Rosa releva la tête :

— Christophe ! dit-elle.

Étendu sur la table, il se cachait la figure. Elle se pencha vers lui :

— Christophe !… Maman vient !…

Christophe se redressa :

— Non, non, dit-il, je ne veux pas qu’elle me voie.

Elle lui prit la main, elle le guida, chancelant, aveuglé par ses pleurs, jusqu’à un petit bûcher, qui donnait sur la cour. Elle referma la porte. Ils se trouvèrent dans la nuit. Il s’assit au hasard sur un billot qui servait à fendre le bois.
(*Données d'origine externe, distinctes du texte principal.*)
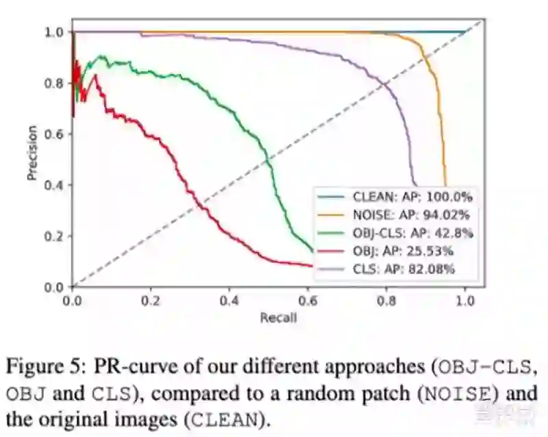 最终,研究人员将获得的几个补丁和NOISE(随机添加噪声)、CLEAN(无补丁baseline)一起放在Inria测试集上做评估,重点评估这些补丁能避开多少监控系统产生的警报。
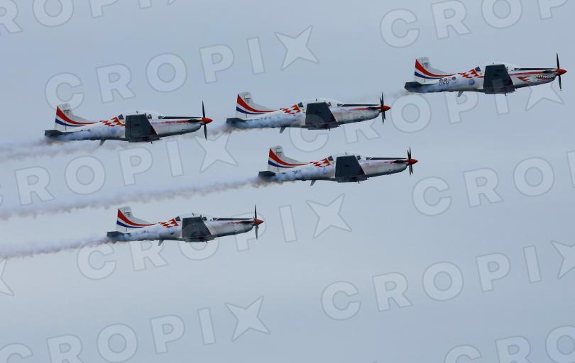 Akrobatska grupa Hrvatskog ratnog zrakoplovstva Krila Oluje u preletu iznad Splita

Elle, sur des fagots. Les bruits du dehors arrivaient amortis et lointains. Là, il pouvait pleurer, sans crainte d’être entendu. Il s’abandonna à ses sanglots avec fureur. Rosa ne l’avait jamais vu pleurer ; elle ne pensait même pas qu’il pût pleurer ; elle ne connaissait que ses larmes de petite fille, et ce désespoir d’homme la remplissait d’effroi et de pitié. Elle était pénétrée pour Christophe d’un amour passionné. Cet amour n’avait rien d’égoïste : c’était un immense besoin de sacrifice, une abnégation maternelle, une soif de souffrir pour lui, de lui prendre tout son mal. Elle lui passa son bras par dessus l’épaule :

— Cher Christophe, dit-elle, ne pleure pas !

Christophe se détourna :

— Je veux mourir !

Rosa joignit les mains :

— Ne dis pas cela, Christophe !

— Je veux mourir. Je ne peux plus… je ne peux plus vivre… À quoi sert-il de vivre ?

— Christophe, mon petit Christophe ! Tu n’es pas seul. On t’aime…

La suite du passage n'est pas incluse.